Inflação ao consumidor
O percentual de reajuste da gasolina e do diesel nas refinarias não chega integralmente ao consumidor. Isso porque o preço ao consumidor é formado pelo valor nas refinarias, pelos impostos federais Cide e Pis/Cofins, o estadual ICMS e pelas margens de lucro da distribuidora e da revenda.
Assim, um mesmo reajuste de R$ 0,10, por exemplo, representa um percentual maior de variação no preço da refinaria, que é mais baixo, do que no preço na bomba, que é mais alto devido a todos esses itens adicionais.
A consultoria Triad Research, que coleta dados em postos de revenda de combustíveis, estima que a gasolina comum fechou janeiro a um preço médio de R$ 4,870 por litro para os consumidores, comparado a R$ 4,714 ao fim de dezembro, um aumento de 3,3%.
Já o diesel S10 estava em R$ 3,905 em 31 de janeiro, ante R$ 3,838 no último dia de 2020, alta de 1,7%.
Durante a transmissão da live na quinta, o presidente afirmou que o governo federal vai zerar os impostos federais sobre o diesel por dois meses a partir de março. Conforme os dados disponibilizados pela Petrobras para o diesel S-10 e coletados entre 31 de janeiro e 6 de fevereiro, esses impostos respondem por cerca de 9% do preço do combustível.
O governo tem sido pressionado há meses por caminhoneiros insatisfeitos com o valor pago pelo diesel na bomba. A categoria já chegou a ameaçar uma greve.

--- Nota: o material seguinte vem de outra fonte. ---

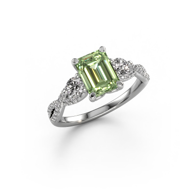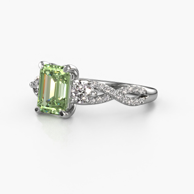 This platinum ring is called Marilou EME and is set with green lab grown diamond. How would you describe the style of the love of your life? Does she have a unique sense of style? This stunning split band platinum engagement ring can be custom-made to your own or her liking. Our green lab grown diamonds gemstones have been carefully selected because we believe your luxury engagement ring must be adorned with nothing but the most beautiful gemstone. Don't you agree? This jewel is made to shine bright around your finger. Each jewel is hand made with love by our goldsmiths.After receiving your order, our goldsmiths will start the creative process of making your Marilou EME engagement ring. We don't keep stock. This is advantageous because these costs will not be passed on to you. Therefore, we can offer jewellery at exceptionally low prices.Do you have a specific ring in mind? One you came across somewhere. Please feel free to tell us your wishes and we will turn your design into a unique engagement ring. You can follow the development of your ring design because we use 3D drawings. This gives you a realistic preview of your design. We will gladly send you a non-binding offer, based on a fair price/ quality ratio. It will amaze you.To make it easier for you, we offer a 30 day return policy. Check our terms and conditions.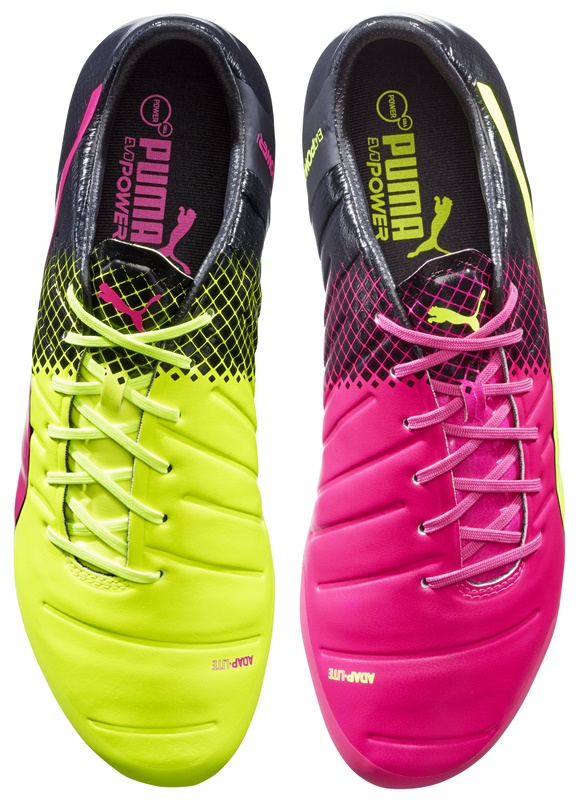 昨年の「トリックス」では『エヴォスピード』と『エヴォパワー』で左右にそれぞれ別の色を使用していたが、今回はどちらも右足がセーフティイエロー、左足がピンクグローとなっている。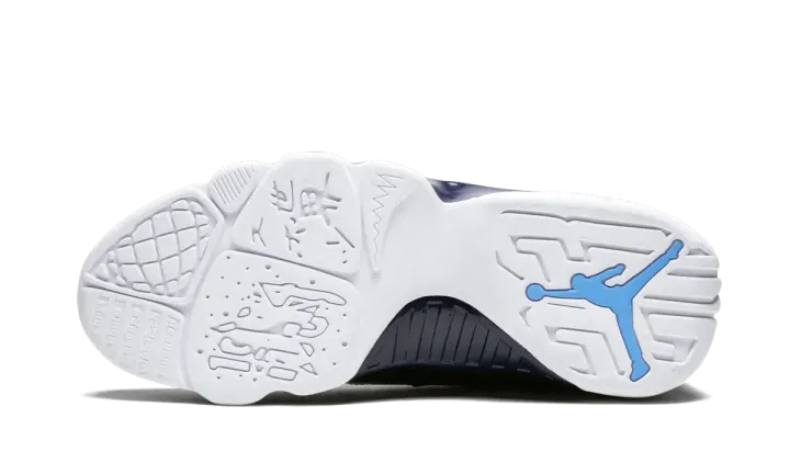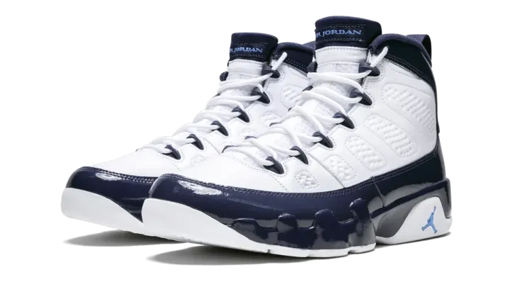 The Air Jordan 9 "UNC" is a 2019 retro of the classic ninth Michael Jordan signature shoe in a color scheme paying tribute to his college career at the University of North Carolina. The white leather, Midnight Navy upper with University Blue accents is actually reminiscent of the classic Air Jordan 9 Low "Pearl Blue" colorway from 2002. The vintage color scheme translates perfectly to the Air Jordan 9 Mid for this new "UNC" colorway, which fittingly released just before the 2019 NBA All-Star Weekend in Charlotte, North Carolina.

Ao afirma que "algo vai acontecer" na estatal, Bolsonaro disse ainda que "exigiria e cobraria transparência de todos aqueles que eu tive a responsabilidade de indicar".

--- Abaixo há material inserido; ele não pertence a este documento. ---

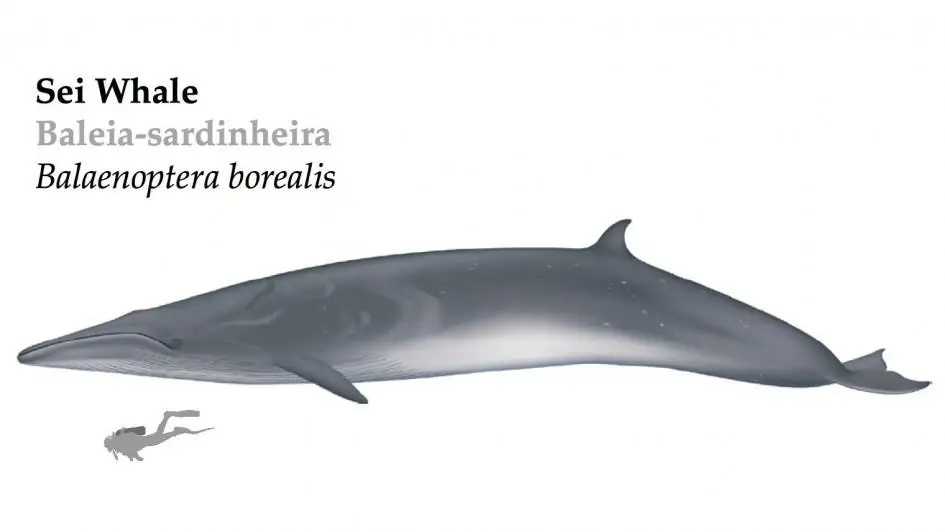 Sei Whale is the third largest animal after the Blue Whale and the Fin Whale. « Sei » is the Norwegian word for pollock Pollachius sp., a North Atlantic marine fish. Sei whales are used to appear off the coast of Norway at the same time as the pollock do, both coming to feed on the plankton.

Nos bastidores, acredita-se que as críticas do presidente sejam direcionadas ao presidente da Petrobras, Roberto Castello Branco.
Impacto além dos motoristas
No Brasil, a gasolina pesa diretamente no bolso do consumidor de classe média que tem carro e dos trabalhadores que dependem de veículos automotores para seu sustento, como motoristas de aplicativos e entregadores.
Mas o impacto vai muito além de quem enche a tanque nos postos.
O diesel pesa no frete de todos os produtos transportados por rodovias — o principal modal usado no Brasil. Um custo de transporte mais caro é, via de regra, repassado aos preços finais e quem paga a conta são os consumidores.
Ele também influencia o preço do transporte público. Cerca de 30% do custo da passagem do ônibus urbano, principal meio de transporte no Brasil e com peso relevante no orçamento das famílias de baixa renda, é derivado do preço do diesel.